+++ The data

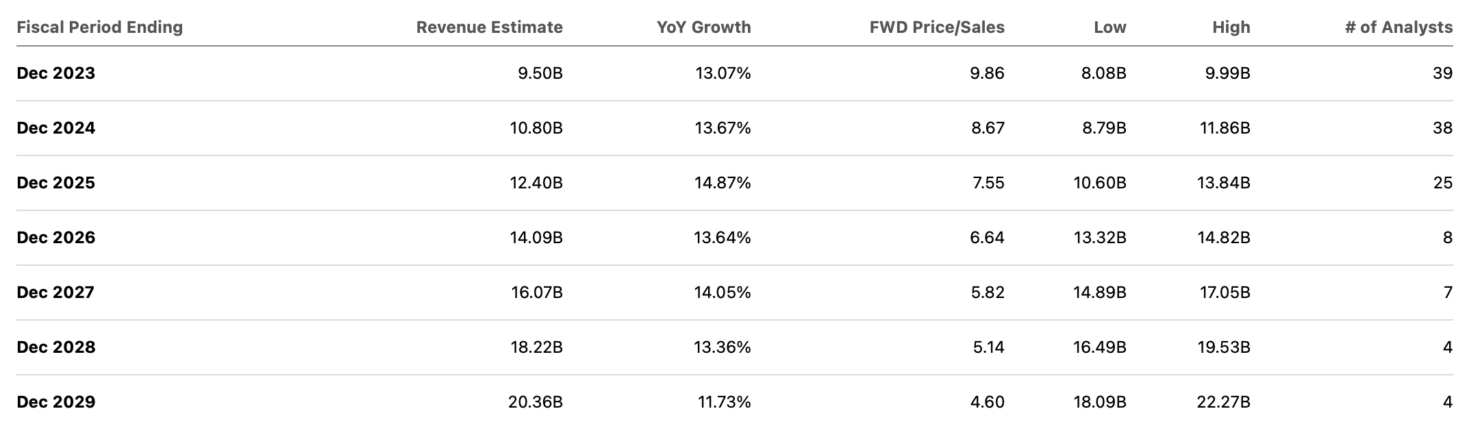 I assume that the company can sustain 30% net margins over the long term. Based on 14% revenue growth and a 1.5x price to earnings growth ratio (‘PEG ratio’), I could see the stock trading at around 6.3x sales, implying that the stock may be dead money over the coming years.
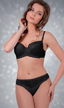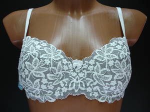 Бюстгальтер "балконет" с диагональным швом и  чашечкой на тонкой поролоновой основе, сверху обтянутой эластичным кружевным полотном, на каркасах. Стан, бочка и спинка выполнены из эластичного кружевного полотна. Стан продублирован изнутри сетчатой основой. Высота бочка 7-10 см. Регулятор длины бретели сзади. Застежка от 75В-75D, 80В,С на одном крючке, от 75Е, 80D-85Е на два крючка, два варианта объема. Между чашечками на стане украшен маленьким бантиком.
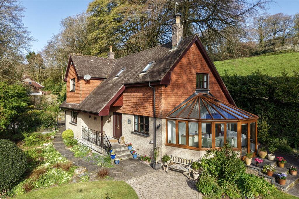 Accessed along a private driveway and over a private bridge into the most stunning grounds. Large brick paved parking area in front of double garage with off road parking for several vehicles. Fence and hedge borders on all sides. Behind the garage- Greenhouse, raised vegetable beds, block log store with attached store room/potting shed (13'x4'9) To the front of a property lawn to either side with a brick paved path to front door. Historic well. Access to rear to both sides. Lawn and flower beds continue to the front. Rear side of the property-Manicured lawn to two levels. Decked patio area, well planted borders and beds. Outdoor lighting. Further patio at top. To the front of the property you have the beautiful Larrigan river with trout, herons and gentle water falls cascading down. To the rear- large patio area, tap, gas bottles for hob. 9'x8' shed with log store lean into rear, oil tank.

++++++

#### [What is needed]
Return the whole listing word for word, minus its pictures.

#### [Result of this task]
 I assume that the company can sustain 30% net margins over the long term. Based on 14% revenue growth and a 1.5x price to earnings growth ratio (‘PEG ratio’), I could see the stock trading at around 6.3x sales, implying that the stock may be dead money over the coming years.
 Бюстгальтер "балконет" с диагональным швом и  чашечкой на тонкой поролоновой основе, сверху обтянутой эластичным кружевным полотном, на каркасах. Стан, бочка и спинка выполнены из эластичного кружевного полотна. Стан продублирован изнутри сетчатой основой. Высота бочка 7-10 см. Регулятор длины бретели сзади. Застежка от 75В-75D, 80В,С на одном крючке, от 75Е, 80D-85Е на два крючка, два варианта объема. Между чашечками на стане украшен маленьким бантиком.
 Accessed along a private driveway and over a private bridge into the most stunning grounds. Large brick paved parking area in front of double garage with off road parking for several vehicles. Fence and hedge borders on all sides. Behind the garage- Greenhouse, raised vegetable beds, block log store with attached store room/potting shed (13'x4'9) To the front of a property lawn to either side with a brick paved path to front door. Historic well. Access to rear to both sides. Lawn and flower beds continue to the front. Rear side of the property-Manicured lawn to two levels. Decked patio area, well planted borders and beds. Outdoor lighting. Further patio at top. To the front of the property you have the beautiful Larrigan river with trout, herons and gentle water falls cascading down. To the rear- large patio area, tap, gas bottles for hob. 9'x8' shed with log store lean into rear, oil tank.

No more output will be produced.